» What to work on: In the entries below, find the line with "Jednoposchodový školský peračník" and the line with "grosse Rotlack-Deckeldose, Messing, innen"; reproduce those two lines and all lines between them exactly, without pictures.

» Dataset entries:
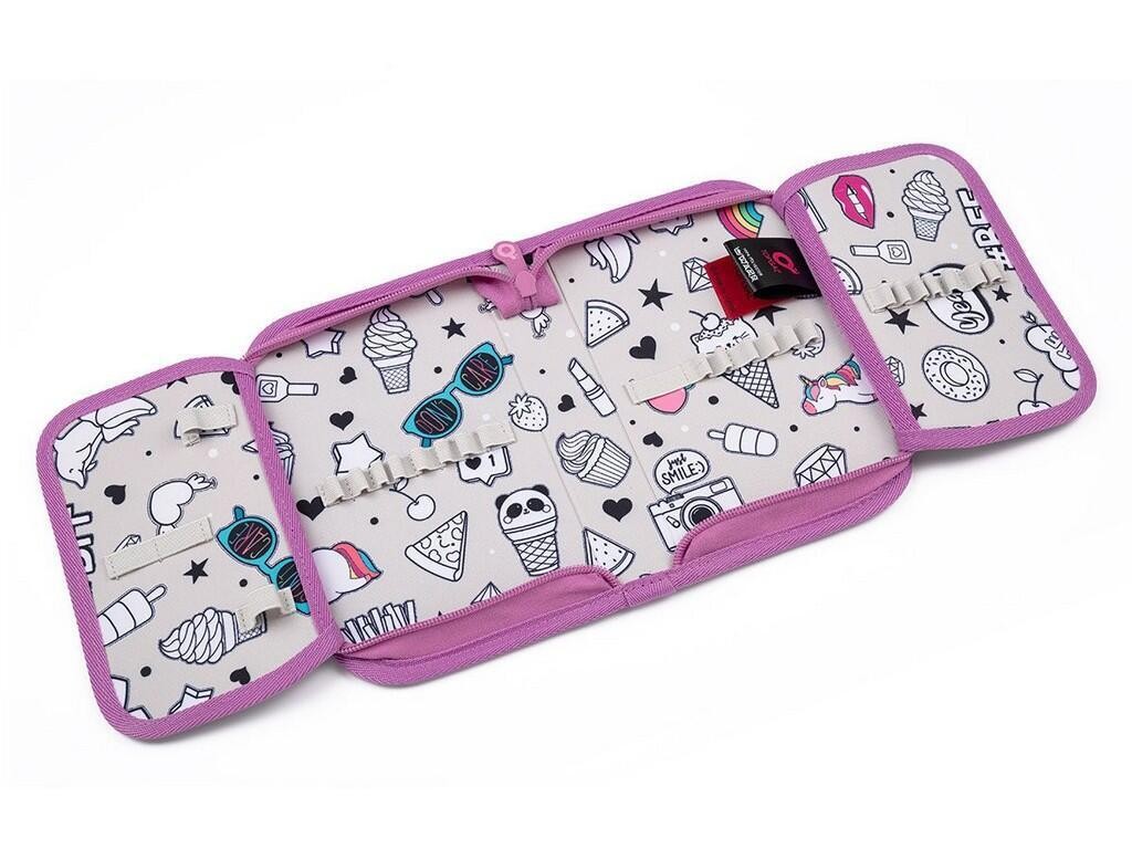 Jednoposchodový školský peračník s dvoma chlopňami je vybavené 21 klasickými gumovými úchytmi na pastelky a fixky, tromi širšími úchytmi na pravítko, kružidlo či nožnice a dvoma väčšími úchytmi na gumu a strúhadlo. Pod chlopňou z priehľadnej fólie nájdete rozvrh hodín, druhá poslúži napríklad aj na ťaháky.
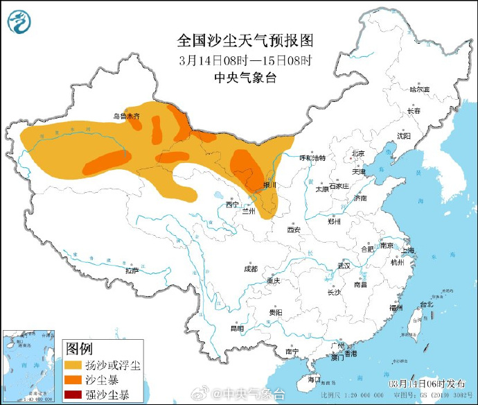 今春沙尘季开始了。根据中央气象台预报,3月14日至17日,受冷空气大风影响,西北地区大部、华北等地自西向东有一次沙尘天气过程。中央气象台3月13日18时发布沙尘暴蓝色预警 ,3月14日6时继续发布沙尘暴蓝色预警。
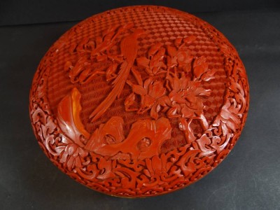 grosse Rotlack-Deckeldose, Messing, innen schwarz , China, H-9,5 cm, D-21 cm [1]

--

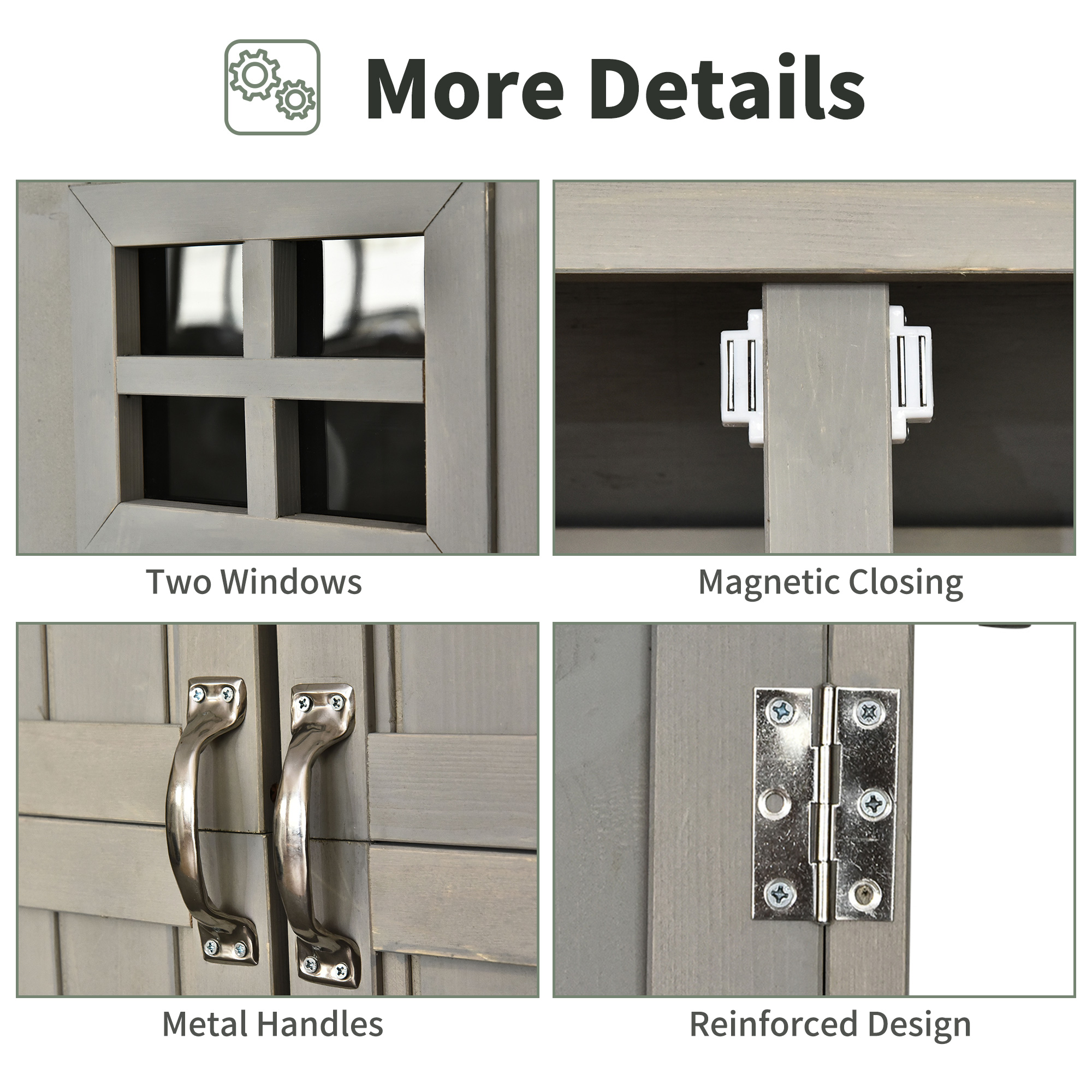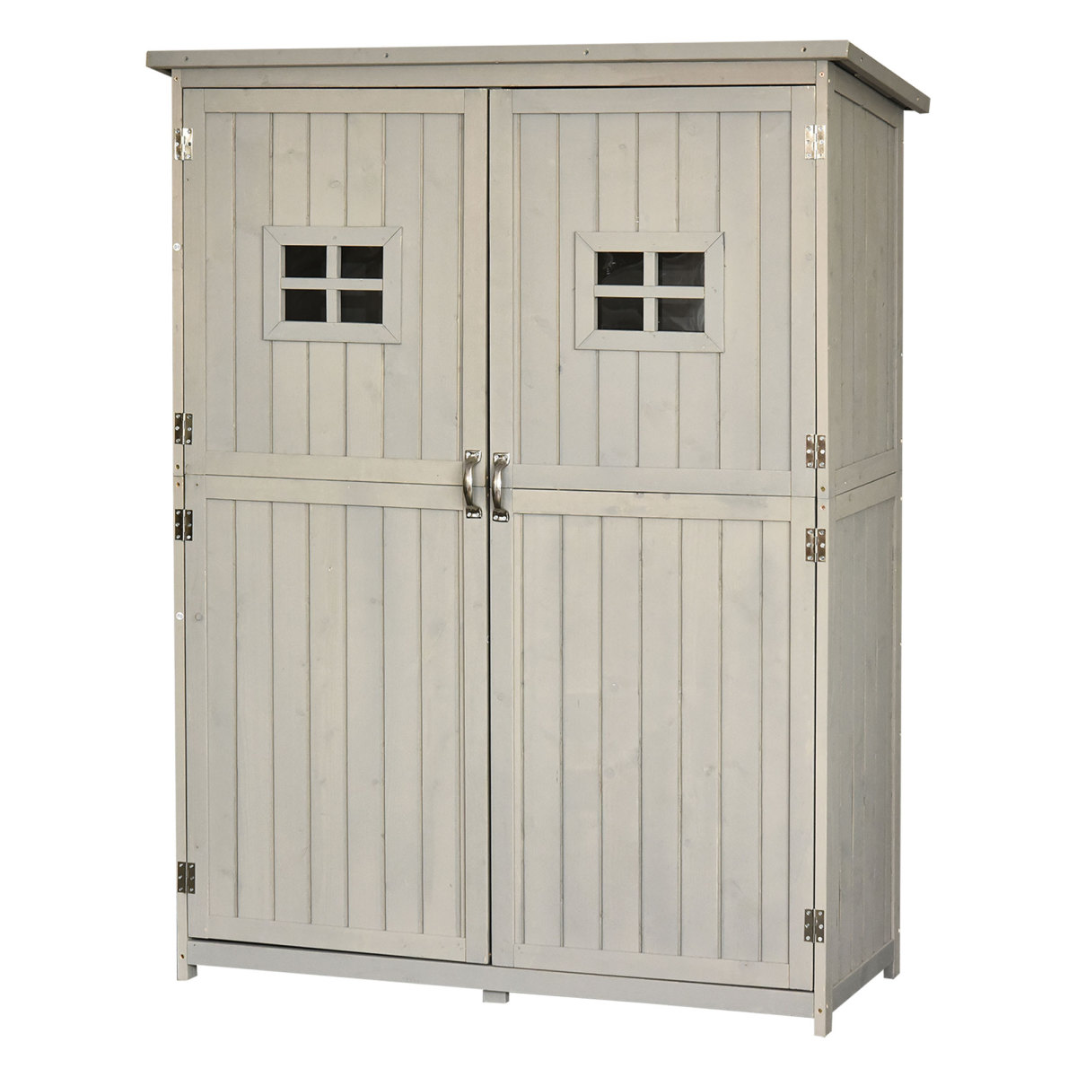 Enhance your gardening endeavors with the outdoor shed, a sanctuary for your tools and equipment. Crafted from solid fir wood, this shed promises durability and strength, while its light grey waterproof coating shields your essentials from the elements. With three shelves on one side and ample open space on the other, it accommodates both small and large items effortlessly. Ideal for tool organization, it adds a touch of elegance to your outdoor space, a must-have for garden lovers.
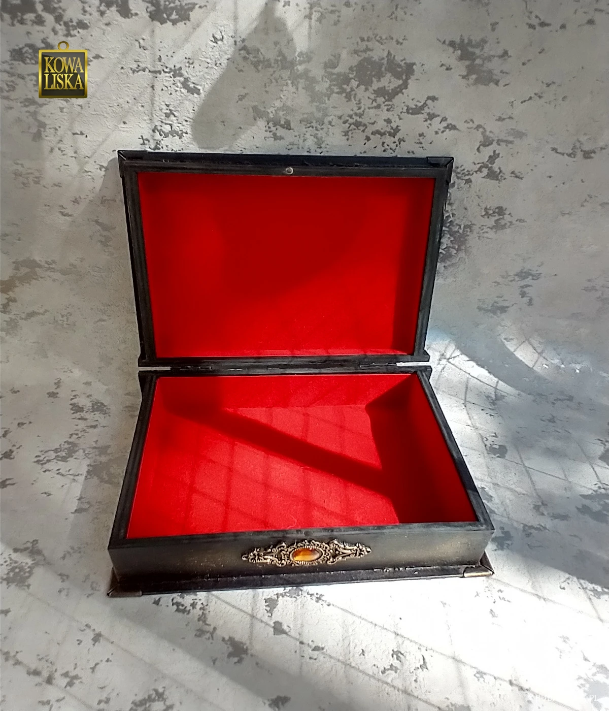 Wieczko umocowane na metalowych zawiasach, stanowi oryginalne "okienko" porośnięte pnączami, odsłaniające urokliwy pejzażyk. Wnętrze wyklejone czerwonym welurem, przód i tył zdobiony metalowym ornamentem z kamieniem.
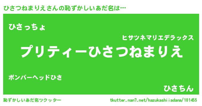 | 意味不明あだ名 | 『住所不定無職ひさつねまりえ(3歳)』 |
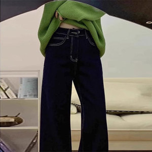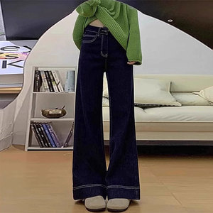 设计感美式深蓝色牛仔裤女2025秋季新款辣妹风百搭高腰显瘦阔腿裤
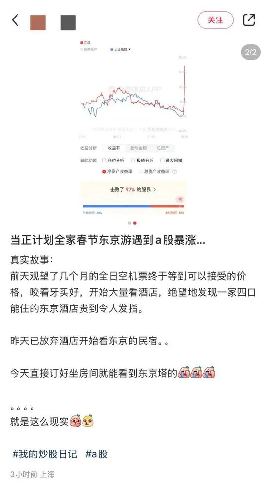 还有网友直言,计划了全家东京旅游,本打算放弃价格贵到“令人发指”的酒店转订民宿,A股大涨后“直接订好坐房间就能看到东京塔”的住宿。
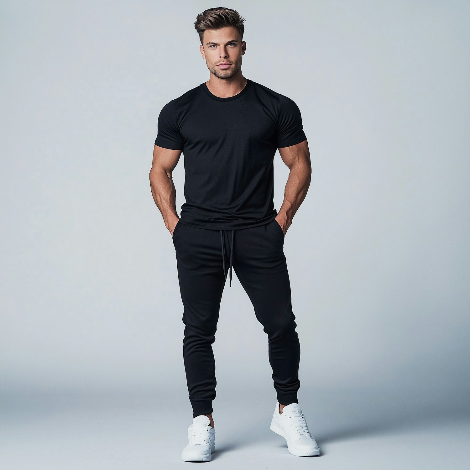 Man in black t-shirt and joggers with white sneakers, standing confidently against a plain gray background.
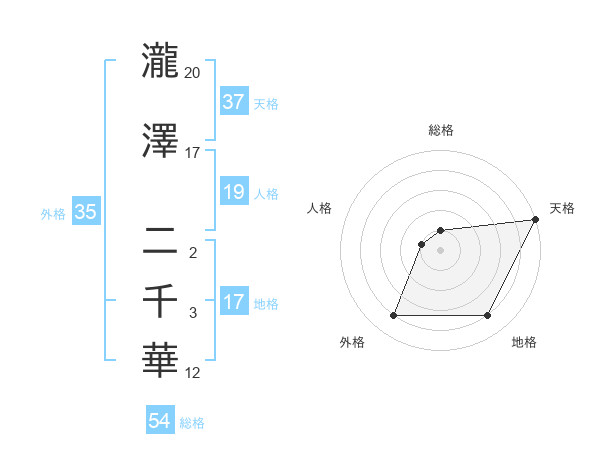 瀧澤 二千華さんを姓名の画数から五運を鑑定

» Answer to this exercise:
 Jednoposchodový školský peračník s dvoma chlopňami je vybavené 21 klasickými gumovými úchytmi na pastelky a fixky, tromi širšími úchytmi na pravítko, kružidlo či nožnice a dvoma väčšími úchytmi na gumu a strúhadlo. Pod chlopňou z priehľadnej fólie nájdete rozvrh hodín, druhá poslúži napríklad aj na ťaháky.
 今春沙尘季开始了。根据中央气象台预报,3月14日至17日,受冷空气大风影响,西北地区大部、华北等地自西向东有一次沙尘天气过程。中央气象台3月13日18时发布沙尘暴蓝色预警 ,3月14日6时继续发布沙尘暴蓝色预警。
 grosse Rotlack-Deckeldose, Messing, innen schwarz , China, H-9,5 cm, D-21 cm [1]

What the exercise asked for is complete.